Но зять первый вспомнил.
- Чего, Васильч, задумался? - спросил Павел Миронович. - Муторно? А ты не принимай все слишком близко к сердцу. Ты проще на жизнь смотри. Смотри, как на театр, на все это. Скучно людям жить - вот они и куражатся. Работа, она, брат, надоедает. Поразвлечься хочется. Особенно в молодости. Витька молод - вот и куражится. Покуражится, да и успокоится. Я сам такой был. Помнишь, писал мне в Каширу?..
- Было дело… - уклончиво ответил я, улыбаясь.
- Ты небось думаешь, - уловив мою улыбку, продолжал Павел Миронович, - думаешь небось, какие, мол, мы с твоей сестрицей несчастные люди - в своей семье без помощи других не можем? Так ведь думаешь? Признайся…
- Ну что вы, Павел Миронович!
- Как хочешь думай, но мы счастливы. Эй, Мария Васильевна!
- Чего тебе? - откликнулась Марья.
- Подойди-ка, посиди с нами.
Марья подошла, села. Павел Миронович взял еще один стакан, налил в него водки.
- Выпей.
- С тобой-то не стоило бы пить! Только из уважения к Андрею разве. - Марья оглядела стол, удивленно всплеснула руками. - Эх, хозяин!

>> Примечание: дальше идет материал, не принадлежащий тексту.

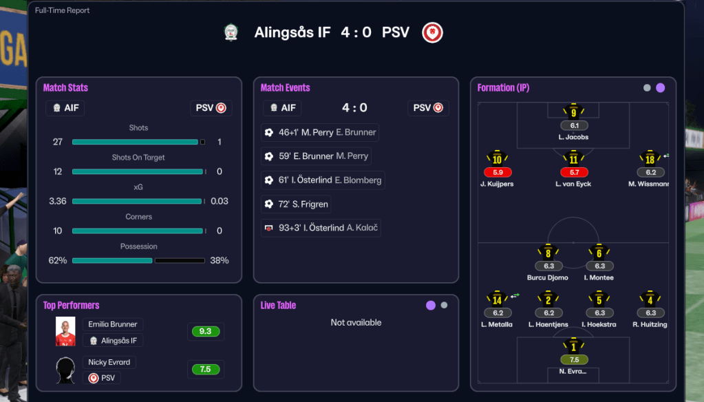 However, Alingsås instead dropped into the Euro Cup, which, pleasingly is a straight knockout competition of two-legged ties. They took on PSV in the second qualifying round, with the home leg first and dominating the early stages with 10 shots inside 20 minutes. Perry eventually put them in front in first half injury time and repaid the compliment for Brunner after an hour. Österlind made it comfortable before midfielder Sara Frigren curled home a beauty to seal probably the most dominant win of Holm’s career. Brunner starred again with a goal and assist for Perry in a 3-1 away success to cruise into the last 16.
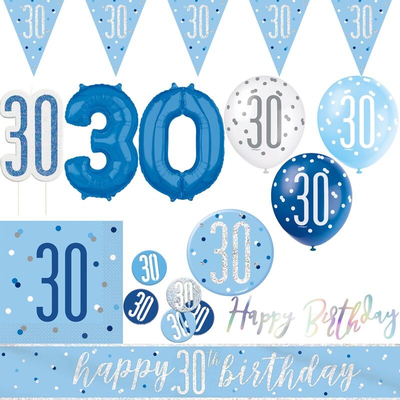 30. Geburtstag Partydeko blau Mann hellblau Geburtstagsparty Artikel Set volljährig Erwachsen

Угощает, а закусывать нечем. - Она принесла из кухни коричневый окорок домашнего посола, нарезала, разложила куски по тарелкам. - Теперича давай выпьем.
- Нет, ты прежде скажи: счастлива ты или нет? - Павел Миронович положил свою руку на грубую ладонь жены. - Скажи при брате!
Лицо Марьи просветлело.
- Счастлива… - сказала она. - Уж так счастлива, что больше и некуда!
- Я же говорил! - Павел Миронович взялся за стакан.
- Будем здоровы… - Марья вытерла ладонью губы и выпила добрую половину стакана.
Мы тоже выпили.
- Вот и хорошо, мать! - оживился Павел Миронович. - Ешь, поправляйся. А то утром не до еды было… А чего расстраиваться, не понимаю. Сын из дому прогонит - к дочерям поедем. Дочери - они в нас, мать, пошли: добрые. А сын отпрыск какого-нибудь деда Зуйкова. У нас в роду всякие были… Но на дочерей мне, Андрей Васильч, повезло! Умницы. И на зятьков не обижаюсь: и они на уровне дочерей…
Дочери были гордостью Павла Мироновича.
Обычно в деревенских семьях дочери обуза. Крестный мой прав: с дочерьми хлопот много и после их выхода замуж. У Павла Мироновича с дочерьми все хорошо вышло. Выросли, выучились и отлетели. Сначала старшая уехала в Бобрик на шахты. Поработала год-другой, вышла замуж за шахтера. Вышла - меньшую к себе вытребовала. И та на шахте прижилась. Теперь и третья там. Днем работает, а вечером учится.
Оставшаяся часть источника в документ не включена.